Start of Records provided

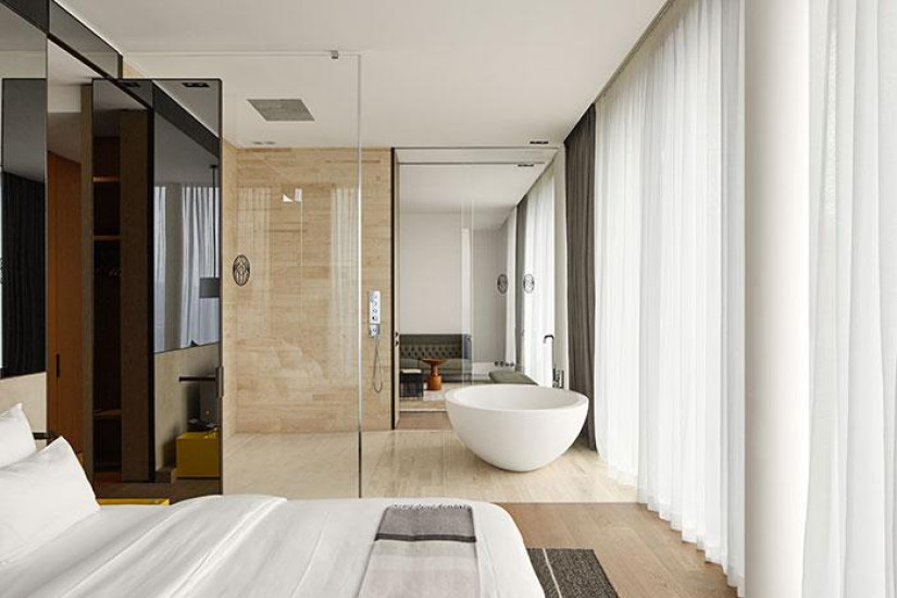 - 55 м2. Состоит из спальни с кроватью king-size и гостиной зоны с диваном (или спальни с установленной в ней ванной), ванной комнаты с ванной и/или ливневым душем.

End of Records provided
Start of Records provided

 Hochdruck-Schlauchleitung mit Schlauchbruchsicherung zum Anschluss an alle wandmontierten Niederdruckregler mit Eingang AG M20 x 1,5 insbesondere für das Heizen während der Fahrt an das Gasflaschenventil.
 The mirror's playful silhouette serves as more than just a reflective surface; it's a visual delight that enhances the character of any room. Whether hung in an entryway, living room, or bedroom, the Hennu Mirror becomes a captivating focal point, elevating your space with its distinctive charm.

End of Records provided

# [What you have to do]
Give back, exactly as written, the stretch from the line with "Hochdruck-Schlauchleitung mit Schlauchbruchsicherung" through the line with "The mirror's playful", and no other lines from the records above.

# [Result of this exercise]
 Hochdruck-Schlauchleitung mit Schlauchbruchsicherung zum Anschluss an alle wandmontierten Niederdruckregler mit Eingang AG M20 x 1,5 insbesondere für das Heizen während der Fahrt an das Gasflaschenventil.
 The mirror's playful silhouette serves as more than just a reflective surface; it's a visual delight that enhances the character of any room. Whether hung in an entryway, living room, or bedroom, the Hennu Mirror becomes a captivating focal point, elevating your space with its distinctive charm.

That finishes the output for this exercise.